4 is a plan view showing a multi-chip package according to an embodiment of the present invention

5 is a flowchart illustrating a method of manufacturing a multichip package according to the present invention.

6A-6D are plan views illustrating a method of manufacturing a multichip package according to the present invention.

7 is a longitudinal cross-sectional view showing a multi-chip package according to another embodiment of the present invention

 * Drawing reference for the main part

100: multi chip package

110: substrate

120: metal plate

130,140: Semiconductor Chip

150: metal spacer

F: Bond Finger

151: connection

BACKGROUND OF THE INVENTION 1. Field of the Invention The present invention relates to a multi-chip package and a method of manufacturing the same. In particular, a metal spacer is interposed between the semiconductor chips to secure a wire bonding loop gap, and the metal spacer is connected to a metal plate formed along the periphery of the substrate. The present invention relates to a multi-chip package capable of dissipating heat quickly and a manufacturing method thereof.

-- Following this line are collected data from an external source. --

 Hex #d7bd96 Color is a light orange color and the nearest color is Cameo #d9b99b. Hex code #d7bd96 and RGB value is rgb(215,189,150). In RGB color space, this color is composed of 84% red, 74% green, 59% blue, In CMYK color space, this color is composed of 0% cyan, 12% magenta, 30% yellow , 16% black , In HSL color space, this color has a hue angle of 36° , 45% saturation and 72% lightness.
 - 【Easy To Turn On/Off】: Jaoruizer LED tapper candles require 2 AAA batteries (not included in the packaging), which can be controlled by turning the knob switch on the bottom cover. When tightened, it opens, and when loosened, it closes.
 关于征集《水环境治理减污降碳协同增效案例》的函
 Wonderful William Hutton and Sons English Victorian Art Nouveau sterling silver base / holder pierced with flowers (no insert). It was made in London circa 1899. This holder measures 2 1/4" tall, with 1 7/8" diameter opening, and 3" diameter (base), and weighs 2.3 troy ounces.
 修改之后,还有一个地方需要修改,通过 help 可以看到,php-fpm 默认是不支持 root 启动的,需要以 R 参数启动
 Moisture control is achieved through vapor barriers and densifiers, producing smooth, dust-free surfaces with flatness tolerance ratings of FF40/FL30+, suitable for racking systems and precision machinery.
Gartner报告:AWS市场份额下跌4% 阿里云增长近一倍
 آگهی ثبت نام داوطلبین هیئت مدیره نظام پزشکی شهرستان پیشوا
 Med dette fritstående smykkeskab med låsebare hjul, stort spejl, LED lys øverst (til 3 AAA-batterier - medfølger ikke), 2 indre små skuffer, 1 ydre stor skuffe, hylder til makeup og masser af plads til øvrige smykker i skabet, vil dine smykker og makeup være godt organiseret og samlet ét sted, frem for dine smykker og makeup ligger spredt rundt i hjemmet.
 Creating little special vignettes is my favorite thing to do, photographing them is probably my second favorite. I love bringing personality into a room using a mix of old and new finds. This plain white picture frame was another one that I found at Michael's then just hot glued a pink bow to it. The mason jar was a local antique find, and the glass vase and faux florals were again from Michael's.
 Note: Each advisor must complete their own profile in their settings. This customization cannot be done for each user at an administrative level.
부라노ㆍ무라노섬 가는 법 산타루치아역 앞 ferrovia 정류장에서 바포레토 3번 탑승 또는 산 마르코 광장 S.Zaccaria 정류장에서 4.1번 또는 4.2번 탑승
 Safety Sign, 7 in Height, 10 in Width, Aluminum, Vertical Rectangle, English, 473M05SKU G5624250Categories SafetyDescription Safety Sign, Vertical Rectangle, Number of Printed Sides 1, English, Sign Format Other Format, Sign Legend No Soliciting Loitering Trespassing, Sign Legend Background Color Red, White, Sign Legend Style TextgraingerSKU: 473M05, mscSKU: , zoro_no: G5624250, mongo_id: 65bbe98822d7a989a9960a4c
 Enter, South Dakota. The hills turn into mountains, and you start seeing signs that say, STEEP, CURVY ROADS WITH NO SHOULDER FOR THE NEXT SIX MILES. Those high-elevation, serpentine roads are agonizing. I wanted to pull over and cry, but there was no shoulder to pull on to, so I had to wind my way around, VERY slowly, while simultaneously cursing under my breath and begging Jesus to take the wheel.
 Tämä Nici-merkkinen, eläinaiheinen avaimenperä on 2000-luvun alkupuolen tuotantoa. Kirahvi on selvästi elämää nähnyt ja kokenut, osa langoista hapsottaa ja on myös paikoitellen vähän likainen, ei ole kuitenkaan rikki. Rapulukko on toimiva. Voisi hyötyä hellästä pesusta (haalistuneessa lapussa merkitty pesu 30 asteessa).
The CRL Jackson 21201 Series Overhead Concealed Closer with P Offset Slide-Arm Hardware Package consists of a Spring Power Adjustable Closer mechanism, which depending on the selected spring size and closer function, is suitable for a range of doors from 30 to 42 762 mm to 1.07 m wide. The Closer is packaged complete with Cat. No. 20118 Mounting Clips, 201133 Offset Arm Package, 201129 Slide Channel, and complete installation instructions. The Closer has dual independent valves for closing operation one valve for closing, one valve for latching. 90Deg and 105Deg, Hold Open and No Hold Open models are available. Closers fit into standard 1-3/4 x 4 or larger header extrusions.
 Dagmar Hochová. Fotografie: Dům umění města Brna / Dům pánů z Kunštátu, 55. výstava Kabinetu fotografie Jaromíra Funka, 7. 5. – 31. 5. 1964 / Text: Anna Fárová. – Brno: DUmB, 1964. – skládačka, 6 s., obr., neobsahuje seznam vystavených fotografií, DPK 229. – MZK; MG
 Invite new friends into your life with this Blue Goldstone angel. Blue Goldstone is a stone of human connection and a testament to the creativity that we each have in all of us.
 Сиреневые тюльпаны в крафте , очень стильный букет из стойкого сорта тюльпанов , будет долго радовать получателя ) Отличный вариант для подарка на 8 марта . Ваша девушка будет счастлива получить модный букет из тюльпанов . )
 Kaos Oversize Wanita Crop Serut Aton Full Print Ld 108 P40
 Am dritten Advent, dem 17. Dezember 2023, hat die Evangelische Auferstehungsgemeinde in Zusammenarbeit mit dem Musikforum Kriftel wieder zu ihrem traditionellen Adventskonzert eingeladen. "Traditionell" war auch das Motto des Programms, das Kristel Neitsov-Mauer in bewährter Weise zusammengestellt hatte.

Recently, researches for implementing high density multi-chip packages by actively increasing the number of semiconductor chips accommodated in the multi-chip packages have been actively conducted.

When the chip is stacked using the bonding wire, it is necessary to secure a gap (height) for the wire bonding loop between the upper chip and the lower chip. As a method for securing a gap, a method of using a material such as a tape or an epoxy and a method of using a bare silicon are used.

1 is a longitudinal cross-sectional view showing a conventional multi-chip package.

Referring to FIG. 1, in the conventional multichip package 10, semiconductor chips 12 and 13 are stacked on a substrate 11, and the semiconductor chips 12 and 13 are connected to the substrate 11. In order to secure the wire loop gap of the bonding wire, the silicon spacers 14 are interposed between the semiconductor chips 12 and 13.

Figure 2 is a longitudinal cross-sectional view showing another conventional multi-chip package.

Referring to FIG. 2, in another conventional multichip package, the semiconductor chip 22 is stacked on the substrate 21, and the heat dissipation plate 25 is exposed to the upper surface of the encapsulant 23.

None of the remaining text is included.